3. Surgery to reduce the thickness of the vocal cord (Laser reduction glottoplasty): It is performed inside the mouth, under general anesthesia and under microscope magnification. During the surgery, the vocal cord layers are thinned and tuned using a laser.
4. This is a very major surgery performed on the neck (Feminization laryngoplasty). It is a surgery in which not only the vocal cords, but also a part of the thyroid cartilage (the cartilage surrounding the vocal cords, where the Adam's apple is located) is removed along with the vocal cords. In this way, the vocal cords are both shortened and stretched.

Aesthetic larynx surgery for transwomen

The shape of the male larynx is different from that of women. neck in men A protrusion called the Adam's apple can be seen in the midline. There is no such protrusion in the larynx in women. In transwomen, it is possible to remove the Adam's apple in the larynx and create a flatter, more feminine, aesthetic neck and larynx area. This surgery is called aesthetic larynx surgery (reduction laryngoplasty). Aesthetic laryngeal surgery does not cause a change in the tone of voice, but it is often performed together with voice thinning surgeries to both thin the voice and create an aesthetically feminine larynx shape in the same session.

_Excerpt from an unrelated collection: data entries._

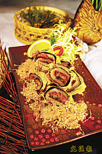 ■自創的鰻魚年糕,以日本年糕裹著蒲燒鰻魚,外面再捲以紫菜,外脆內軟。
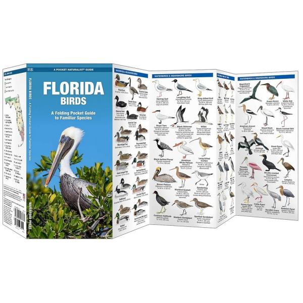 Florida Birds is a pocket-sized, folding Pocket Naturalist guide highlighting the most commonly seen birds in Florida. Laminated for durability, these handy guides are a great source of portable information in the backyard or out in nature.
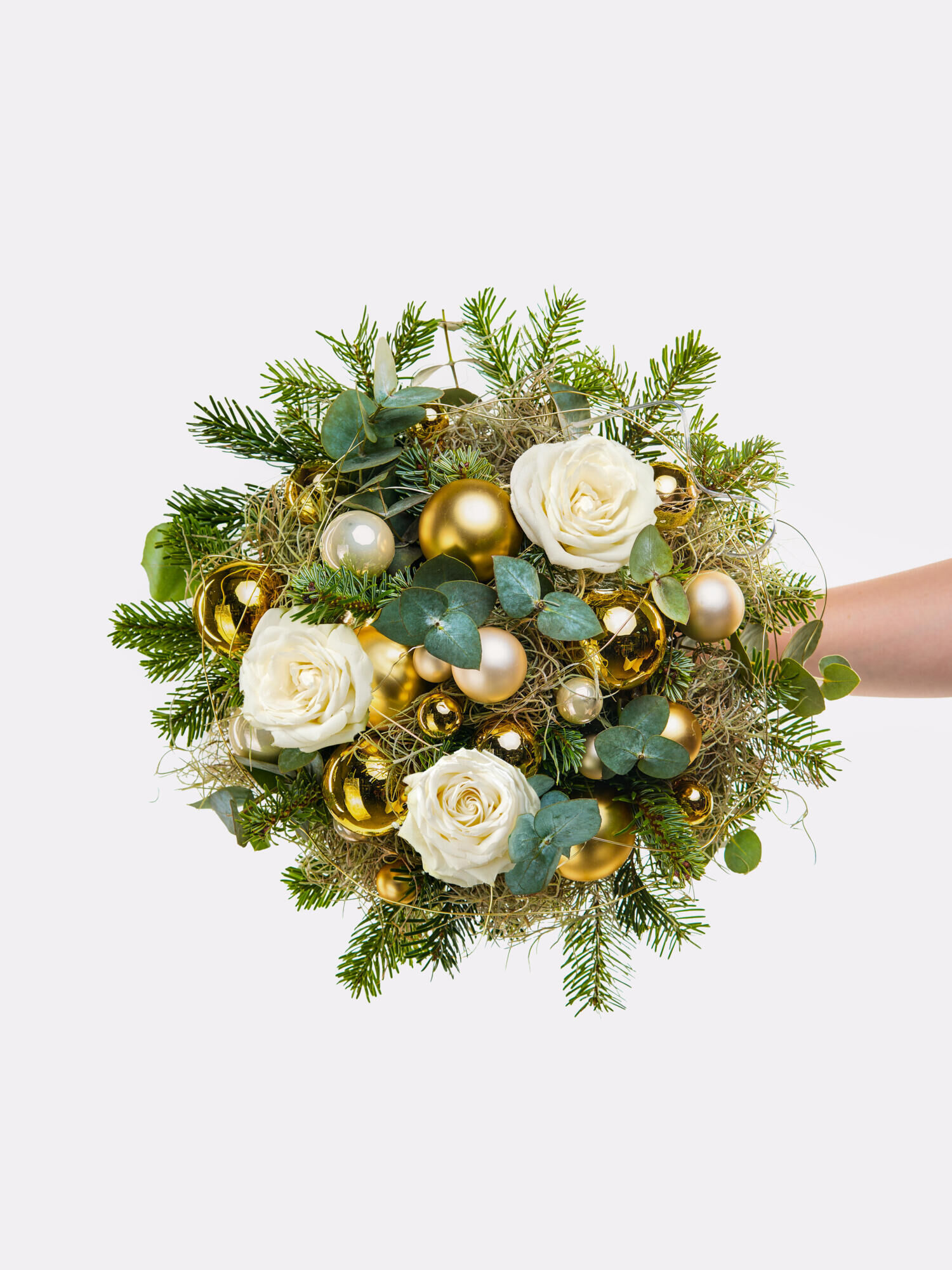 Den festlichen Rosenstrauß „Goldene Weihnachtsträume“ verschicken mit dem Fleurop Blumenversand. ➤ Jetzt online bestellen!
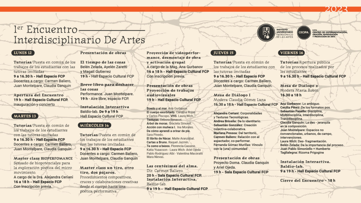 Coordinado por el licenciado Ariel Ojeda, este Primer Encuentro integra clases magistrales, intervenciones artísticas, presentación de obras y mesas de diálogo, enfocadas en el trabajo interdisciplinario. «La propuesta nuclea a más de 20 docentes-artistas de nuestra institución, cerca de 25 artistas invitadxs externxs y a unxs 40 estudiantes activxs que se sumaron en la convocatoria realizada en marzo de este año, y que desde ese momento vienen trabajando en procesos de experimentación y creación interdisciplinarios y colectivos que son abiertos al público el último día del encuentro», detalla Ojeda.

In this attempt to shape the Adam's apple, the cartilage surrounding the vocal cords is studied. Permanent damage to the vocal cords may occur as a result of unknowingly excessive interventions on the cartilage. Therefore, aesthetic laryngeal surgery should be performed by Ear, Nose and Throat specialists who have experience in the larynx area. Plastic and aesthetic surgeons, who have extensive experience in plastic surgery, do not have the knowledge, equipment and competence regarding vocal cords and larynx.

Choice of vocal surgery for transwomen

One of the factors that determines whether the voice is as personal as a fingerprint is that the larynx and vocal cords are also personal. Size and shape of the larynx; size and thickness of the vocal cords; Voice tone and range of voice vary greatly from person to person. Therefore, the intervention(s) required for voice thinning in transwomen also varies from person to person and is chosen individually.

While for some transwomen, a single surgical procedure is sufficient to make the voice feminine enough, sometimes more than one surgery must be performed in the same session, and sometimes the surgeries must be performed sequentially, 9-12 months apart. It is essential for the patient to maintain close contact with his physician and share his concerns and expectations openly in order to get through this difficult and long process in good health.